The first is the destruction of the army of Cambyses II, a Persian king who conquered Egypt. It is said that in 523 BCE, planning to use the oracle of Amun to legitimate his rule, Cambyses sent a military force into the Western Desert. The army reached Bahariya Oasis but was destroyed in a sandstorm on its way to Siwa. Many Egyptologists suspect that the “lost army of Cambyses” may be mythical, but in 2000 a team from Helwan University, looking for oil, found bits of cloth, metal, and human remains in the area, and suggested that these might be the remains of the lost army.

The second event, two centuries later, is historical fact: a fateful visit to Siwa by Alexander the Great, who was after exactly the same thing as Cambyses.

Alexander was the son of King Philip II of Macedon. Philip's daughter Cleopatra of Macedon married King Alexander of Epirus, and Philip was assassinated during the proceedings. The killer may have been Philip's homosexual lover Pausanias, who was upset because the king had not done anything about some complaint or other that Pausanias had made. Or the murder may have been a Persian plot set up by Darius III. If so, it backfired, because the Macedonian army immediately proclaimed Alexander king, and the 20-year-old monarch famously went on to conquer most of the known world. Along the way, in 332 BCE, he conquered Egypt without a fight.

Intent on cementing this conquest with an endorsement of his credentials as pharaoh, Alexander made a pilgrimage to Siwa to ask the oracle whether he was a god. He visited the oracle alone, and on his return announced its verdict: yes, the oracle had confirmed that he truly was a god. This verdict became the primary source of his authority. Later, rumors claimed that the oracle had revealed him to be the son of Zeus.

It is not clear whether the Egyptians were convinced by this rather flimsy evidence or whether, given Alexander's control of a substantial army, they found it prudent to go along with his story. Perhaps they were fed up with the rule of the Persians and considered Alexander the lesser of two evils—he had been welcomed with open arms by the former Egyptian capital of Memphis for precisely that reason. Whatever the truth behind the history, from that time on, the Egyptians venerated Alexander as their king.

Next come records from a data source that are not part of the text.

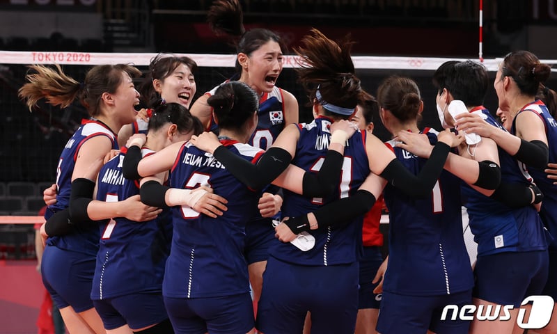 / 여자배구 한일전 : 사진여자배구대표팀 '한일전 승리 수고하셨어요' - 조선일보 _ 오늘 한일전 승리하고 8강 진출한 여자배구 대표팀 단체사진 367.
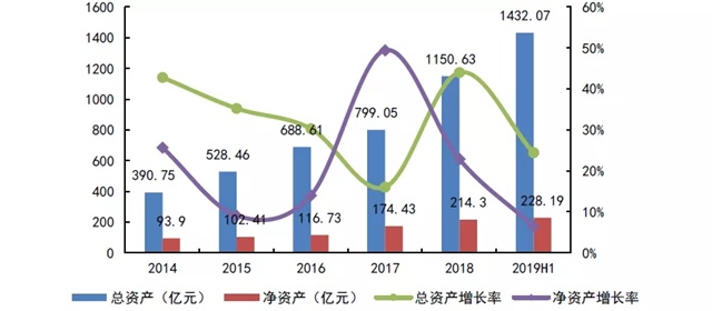 圖:2014-2019年上半年禹洲總資產和凈資產情況
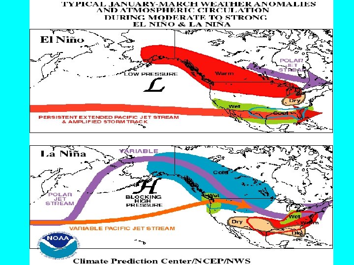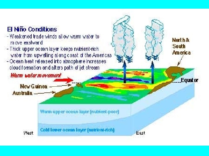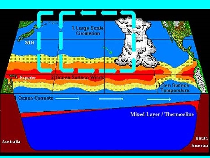 • http: //www. bom. gov. au/lam/Students_Teachers/elnanim/elani. shtml El Nino and La Nina • Climate pattern that happens every 5 -7 years • El Nino- Characterized by unusually warm sea surface temperatures in the Pacific Ocean • La Nina- characterized by unusually cold sea surface temperatures • The hot water usually comes first to the coasts of Peru and Ecuador in South America. In the 1500 s, fishermen who lived in South America began to wonder about a current of unusually warm water that came to their shore every few years near Christmastime. Since the fishermen believed in the birth of the Christ child at Christmas, and since they spoke Spanish, they named the hot water El Niño, which means "the infant" in Spanish http: //www. fi. edu/weather/nino. html

On the way to Siwa, fascinated by an area of the country lying between the Mediterranean Sea and the lake that came to be known as Mareotis, Alexander decided to have a city constructed there. The city, which he modestly named Alexandria, was designed by Donocrates, a Greek architect, after a basic plan sketched by Alexander himself. The city's birth has been dated by some to 7 April 331 BCE; this date is disputed by others, but it must be close to 334 BCE. Alexander never saw his creation; his next visit to the area was to be buried there.

So, at least, goes the time-honored legend, but the truth is probably more complex. It now appears that much of what later became Alexandria already existed when Alexander arrived. Egyptologists discovered long ago that many inscriptions are not all that trustworthy. The great Temple at Karnak, for instance, is riddled with cartouches of Ramses II. But much of it was actually constructed by his father, Seti I, and traces—
not always faint—of the father's inscriptions can be seen beneath those carved for Ramses. Such usurpation was commonplace, and was not even considered disrespectful. In contrast, “defacing” a predecessor's reliefs—hacking out the pharaoh's face—was most definitely disrespectful, intentionally depriving that predecessor of his place in the afterlife by destroying his very identity.

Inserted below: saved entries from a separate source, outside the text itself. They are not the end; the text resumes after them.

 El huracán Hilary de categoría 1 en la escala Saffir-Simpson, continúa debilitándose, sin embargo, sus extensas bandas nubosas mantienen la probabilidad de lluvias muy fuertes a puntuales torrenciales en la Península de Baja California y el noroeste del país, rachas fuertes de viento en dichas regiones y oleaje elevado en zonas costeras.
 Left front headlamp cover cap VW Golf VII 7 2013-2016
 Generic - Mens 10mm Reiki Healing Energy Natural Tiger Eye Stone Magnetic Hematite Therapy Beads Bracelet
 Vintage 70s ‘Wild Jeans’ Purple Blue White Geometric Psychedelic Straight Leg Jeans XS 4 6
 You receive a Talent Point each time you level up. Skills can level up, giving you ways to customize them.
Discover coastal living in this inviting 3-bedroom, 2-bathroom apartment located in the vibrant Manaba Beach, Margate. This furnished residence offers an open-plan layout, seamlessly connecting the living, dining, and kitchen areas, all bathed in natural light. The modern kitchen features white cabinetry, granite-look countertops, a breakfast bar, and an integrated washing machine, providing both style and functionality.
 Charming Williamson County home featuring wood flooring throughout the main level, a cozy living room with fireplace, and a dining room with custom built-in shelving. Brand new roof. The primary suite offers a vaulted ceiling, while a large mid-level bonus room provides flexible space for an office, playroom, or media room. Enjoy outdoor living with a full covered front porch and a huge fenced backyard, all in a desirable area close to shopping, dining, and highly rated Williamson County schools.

Alexander had his name carved all over the buildings of ancient Alexandria. He had his name carved, so to speak, on the city itself. Where other pharaohs usurped the odd building or monument, Alexander usurped an entire city.

Alexandria became a major seaport, connected by branches of the Nile and a canal to the Red Sea and thence to the Indian Ocean and the Far East. It became a center of learning, with a celebrated library. And it was the birthplace of one of the most influential mathematicians in history: the geometer Euclid.

We know much more about Alexander than we do about Euclid—even though Euclid's long-term influence on human civilization was arguably greater. If there can be such a thing as a household name in mathematics, “Euclid” is it. Although we know little about Euclid's life, we know a lot about his works. For several centuries, mathematics and Euclid were pretty much synonymous throughout the Western world.

Why did Euclid become so well known? There have been greater mathematicians, and more significant ones. But for close to two thousand years Euclid's name was known to every student of mathematics across the whole of Western Europe, and to a lesser extent in the Arab world as well. He was the author of one of the most famous mathematics texts ever written: the
Elements of Geometry
(usually shortened to
Elements
). When printing was invented, this work was among the first books to appear in printed form. It has been published in over a thousand different editions, a number exceeded only by the Bible.

We know slightly more about Euclid than we do about Homer. He was born in Alexandria around 325 BCE and died in about 265 BCE.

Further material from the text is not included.